# Thread: orders of elements and isomorphisms

1. ## orders of elements and isomorphisms

Show that if $\displaystyle \gamma: G_1 \rightarrow G_2$ is an isomorphism, then for each $\displaystyle g \in G_1, o(\gamma(g)) = o(g)$

Does this argument work?

if $\displaystyle g \in G_1$ has order l $\displaystyle \Rightarrow g^l = e_1$ then
$\displaystyle \gamma (g^l) = \gamma (e_1)$
then as the identity element of $\displaystyle G_1$ is mapped to the identity element $\displaystyle e_2 \in G_2$
$\displaystyle \gamma (g^l) = \gamma (e_1) = e_2$
then as $\displaystyle \gamma(x_1x_2)= \gamma(x_1)\gamma(x_2)$ must hold
we have
$\displaystyle \gamma(g^l) = \gamma(g) ^l = (g')^l = e_2$ where as bijection each $\displaystyle g' = \gamma(g)$
therefore $\displaystyle (g')^l = e_2$ in $\displaystyle \in G_2$

2. Originally Posted by FGT12
Show that if $\displaystyle \gamma: G_1 \rightarrow G_2$ is an isomorphism, then for each $\displaystyle g \in G_1, o(\gamma(g)) = o(g)$

Does this argument work?

if $\displaystyle g \in G_1$ has order l $\displaystyle \Rightarrow g^l = e_1$ then
$\displaystyle \gamma (g^l) = \gamma (e_1)$
then as the identity element of $\displaystyle G_1$ is mapped to the identity element $\displaystyle e_2 \in G_2$
$\displaystyle \gamma (g^l) = \gamma (e_1) = e_2$
then as $\displaystyle \gamma(x_1x_2)= \gamma(x_1)\gamma(x_2)$ must hold
we have
$\displaystyle \gamma(g^l) = \gamma(g) ^l = (g')^l = e_2$ where as bijection each $\displaystyle g' = \gamma(g)$
therefore $\displaystyle (g')^l = e_2$ in $\displaystyle \in G_2$
This is only half the battle.
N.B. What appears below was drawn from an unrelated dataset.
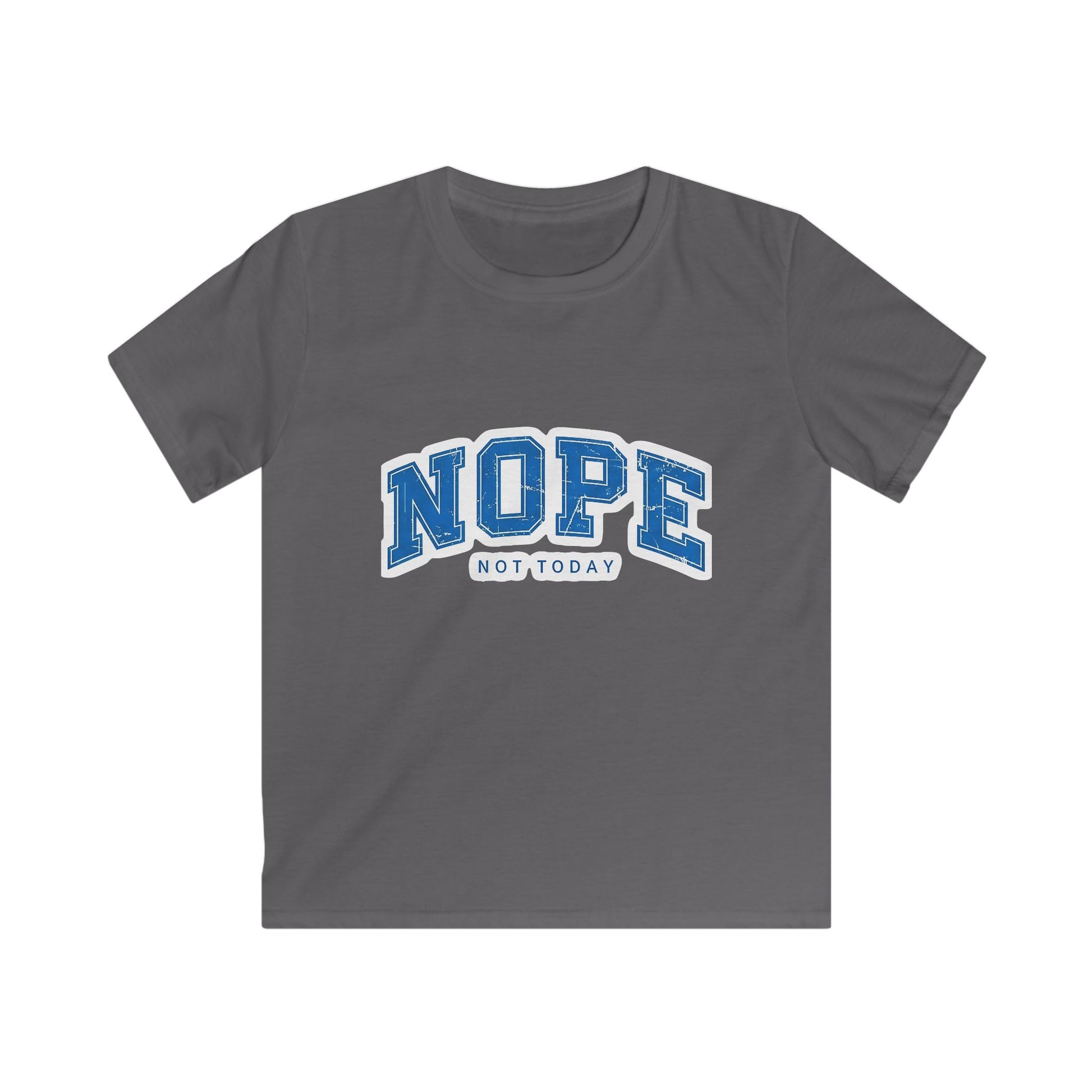 Light, confident, and a little cheeky — this kids tee says it all with bold collegiate lettering that reads “NOPE” and a small “not today” beneath. The soft, smooth fabric and classic fit make it easy for active days at the park, school, or lounging at home. It feels gentle against sensitive skin, keeps its shape after washes, and moves with the kid who’d rather explore, nap, or say no to chores — all with attitude.
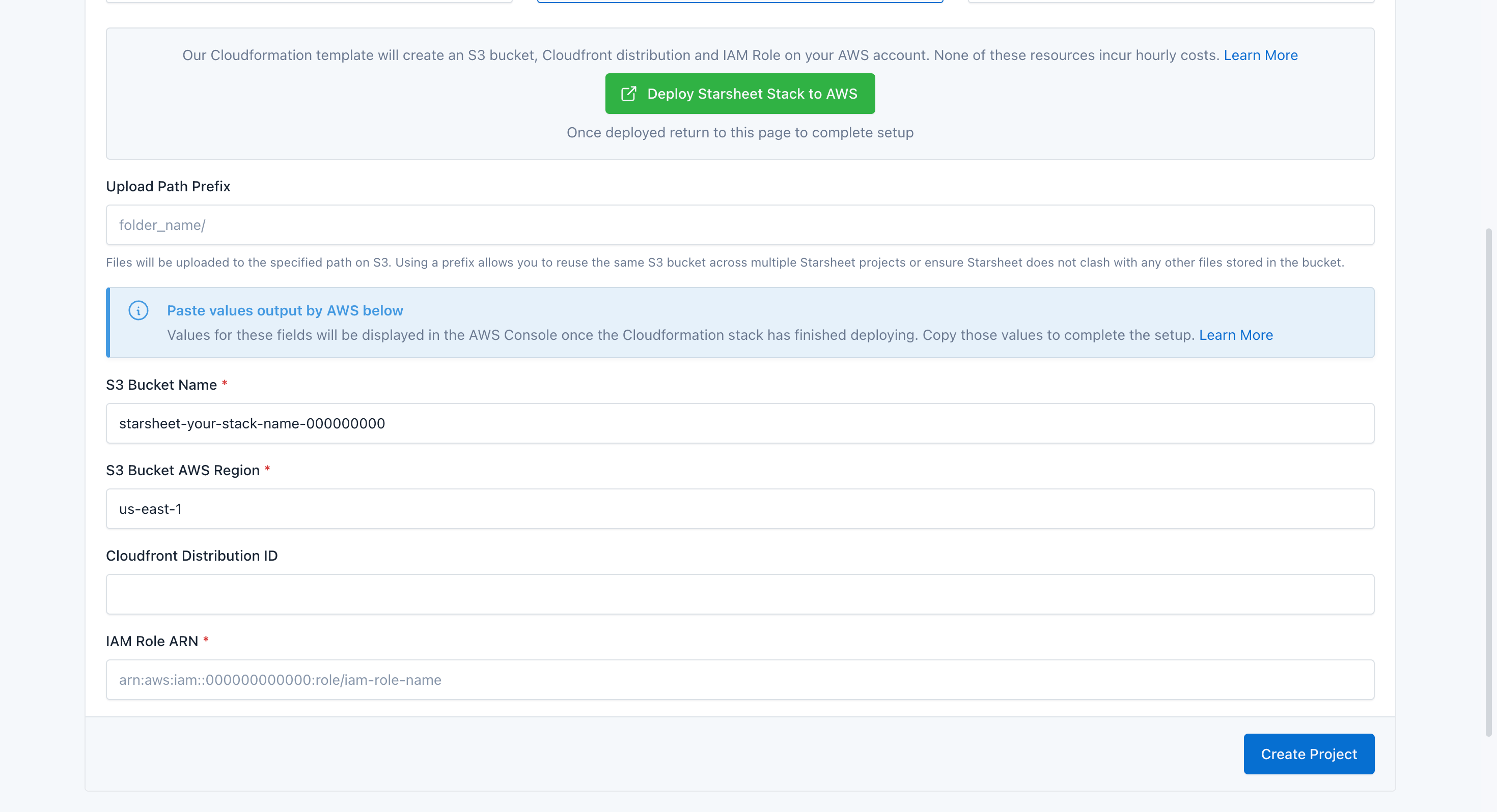 Copy the values form the outputs tab to the relevant fields in the project creation form

You've shown that $\displaystyle \left|\gamma(g)\right|\mid\ell$, but you can use the same process in reverse (since all you used was that $\displaystyle \gamma$ is a homomorphism, but $\displaystyle \gamma^{-1}$ is as well!) to get that $\displaystyle \ell\mid\left|\gamma(g)\right|$.